■ **SOURCE MATERIAL**:
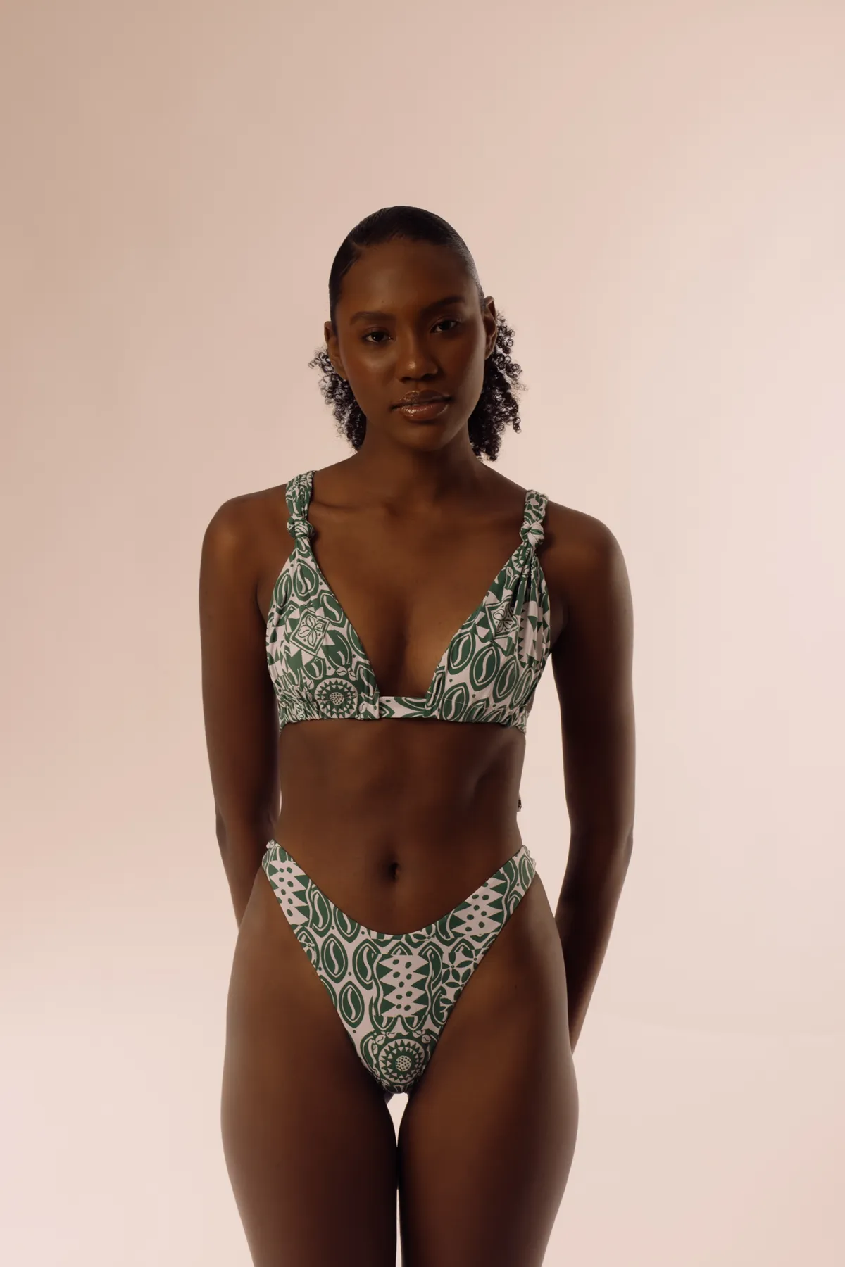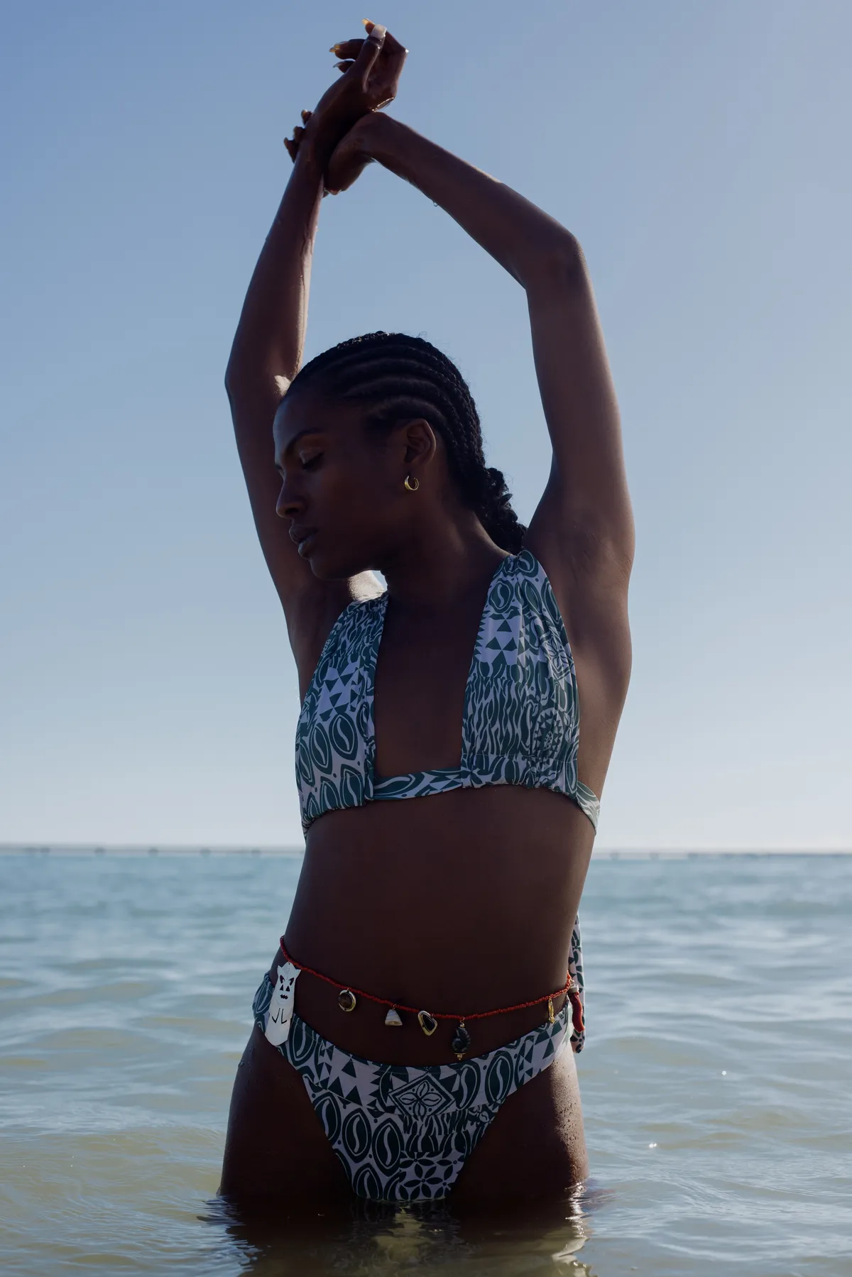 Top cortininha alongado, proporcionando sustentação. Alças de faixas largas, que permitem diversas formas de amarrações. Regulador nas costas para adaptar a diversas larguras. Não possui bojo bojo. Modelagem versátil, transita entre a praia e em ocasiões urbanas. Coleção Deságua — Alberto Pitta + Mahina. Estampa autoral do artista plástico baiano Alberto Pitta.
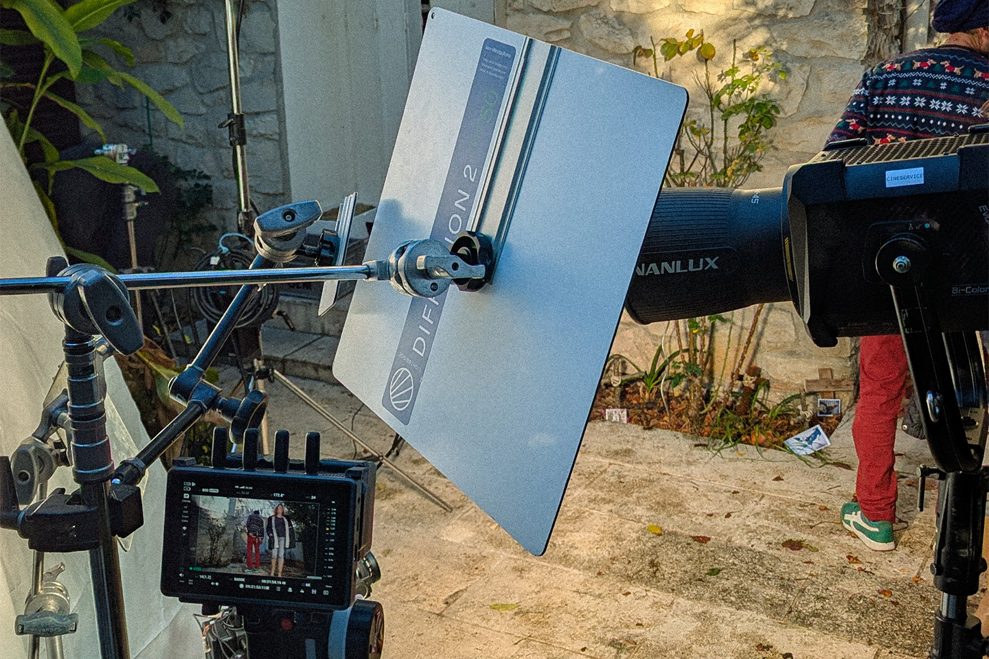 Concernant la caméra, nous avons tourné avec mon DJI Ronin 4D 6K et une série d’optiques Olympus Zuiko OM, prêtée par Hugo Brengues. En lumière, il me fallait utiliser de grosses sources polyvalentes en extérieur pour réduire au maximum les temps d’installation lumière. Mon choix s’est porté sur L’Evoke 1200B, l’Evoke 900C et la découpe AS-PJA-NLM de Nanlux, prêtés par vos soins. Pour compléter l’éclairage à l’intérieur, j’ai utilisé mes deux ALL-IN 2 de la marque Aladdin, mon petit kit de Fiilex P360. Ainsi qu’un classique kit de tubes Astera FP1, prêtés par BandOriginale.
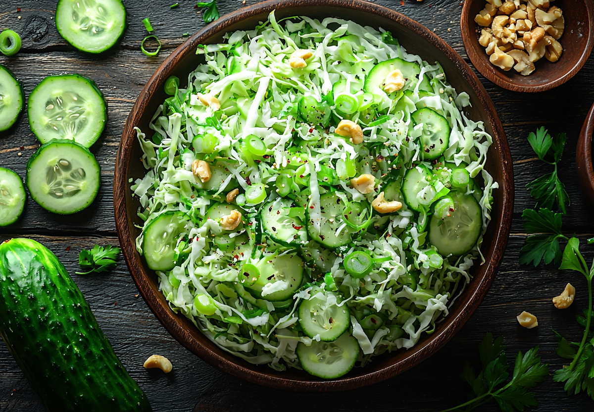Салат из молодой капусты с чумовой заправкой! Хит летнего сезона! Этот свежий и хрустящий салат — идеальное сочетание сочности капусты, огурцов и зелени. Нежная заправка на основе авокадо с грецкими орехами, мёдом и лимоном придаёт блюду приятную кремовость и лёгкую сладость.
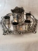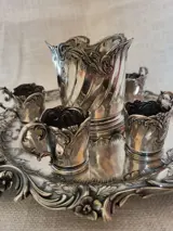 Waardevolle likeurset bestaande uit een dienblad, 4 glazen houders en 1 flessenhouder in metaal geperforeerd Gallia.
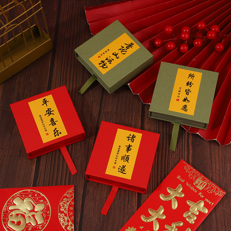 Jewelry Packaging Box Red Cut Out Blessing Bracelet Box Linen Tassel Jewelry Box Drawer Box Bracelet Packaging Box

--

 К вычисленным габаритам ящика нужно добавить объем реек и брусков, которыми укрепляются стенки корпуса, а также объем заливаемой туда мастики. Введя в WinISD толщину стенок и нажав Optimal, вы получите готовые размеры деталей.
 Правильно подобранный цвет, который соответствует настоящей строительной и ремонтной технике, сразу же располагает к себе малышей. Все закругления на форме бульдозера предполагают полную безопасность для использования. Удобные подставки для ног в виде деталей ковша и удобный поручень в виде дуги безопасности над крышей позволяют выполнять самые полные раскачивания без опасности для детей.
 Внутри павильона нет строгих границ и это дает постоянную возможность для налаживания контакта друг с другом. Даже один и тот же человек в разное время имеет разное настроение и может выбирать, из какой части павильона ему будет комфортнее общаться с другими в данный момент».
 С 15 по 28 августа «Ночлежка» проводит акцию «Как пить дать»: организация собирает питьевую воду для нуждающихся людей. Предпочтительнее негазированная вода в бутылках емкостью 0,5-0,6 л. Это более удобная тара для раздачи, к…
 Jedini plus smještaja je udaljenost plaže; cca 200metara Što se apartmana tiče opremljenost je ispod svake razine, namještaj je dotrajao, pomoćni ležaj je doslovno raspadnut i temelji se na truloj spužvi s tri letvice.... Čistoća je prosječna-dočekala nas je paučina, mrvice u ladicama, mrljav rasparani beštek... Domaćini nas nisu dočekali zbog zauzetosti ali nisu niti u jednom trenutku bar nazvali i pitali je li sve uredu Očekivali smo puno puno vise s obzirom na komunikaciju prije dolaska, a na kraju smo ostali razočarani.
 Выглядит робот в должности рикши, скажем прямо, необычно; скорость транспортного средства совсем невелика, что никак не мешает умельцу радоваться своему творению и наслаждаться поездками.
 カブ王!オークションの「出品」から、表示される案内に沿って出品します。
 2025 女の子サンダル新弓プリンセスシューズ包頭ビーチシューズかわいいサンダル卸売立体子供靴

■ **WHAT YOU SHOULD DO**: From the records above, quote word for word only the lines beginning at the line that has "Top cortininha alongado, proporcionando" and stopping after the line that has "Jewelry Packaging Box". Omit the pictures.

■ **EXPECTED OUTPUT**:
 Top cortininha alongado, proporcionando sustentação. Alças de faixas largas, que permitem diversas formas de amarrações. Regulador nas costas para adaptar a diversas larguras. Não possui bojo bojo. Modelagem versátil, transita entre a praia e em ocasiões urbanas. Coleção Deságua — Alberto Pitta + Mahina. Estampa autoral do artista plástico baiano Alberto Pitta.
 Concernant la caméra, nous avons tourné avec mon DJI Ronin 4D 6K et une série d’optiques Olympus Zuiko OM, prêtée par Hugo Brengues. En lumière, il me fallait utiliser de grosses sources polyvalentes en extérieur pour réduire au maximum les temps d’installation lumière. Mon choix s’est porté sur L’Evoke 1200B, l’Evoke 900C et la découpe AS-PJA-NLM de Nanlux, prêtés par vos soins. Pour compléter l’éclairage à l’intérieur, j’ai utilisé mes deux ALL-IN 2 de la marque Aladdin, mon petit kit de Fiilex P360. Ainsi qu’un classique kit de tubes Astera FP1, prêtés par BandOriginale.
Салат из молодой капусты с чумовой заправкой! Хит летнего сезона! Этот свежий и хрустящий салат — идеальное сочетание сочности капусты, огурцов и зелени. Нежная заправка на основе авокадо с грецкими орехами, мёдом и лимоном придаёт блюду приятную кремовость и лёгкую сладость.
 Waardevolle likeurset bestaande uit een dienblad, 4 glazen houders en 1 flessenhouder in metaal geperforeerd Gallia.
 Jewelry Packaging Box Red Cut Out Blessing Bracelet Box Linen Tassel Jewelry Box Drawer Box Bracelet Packaging Box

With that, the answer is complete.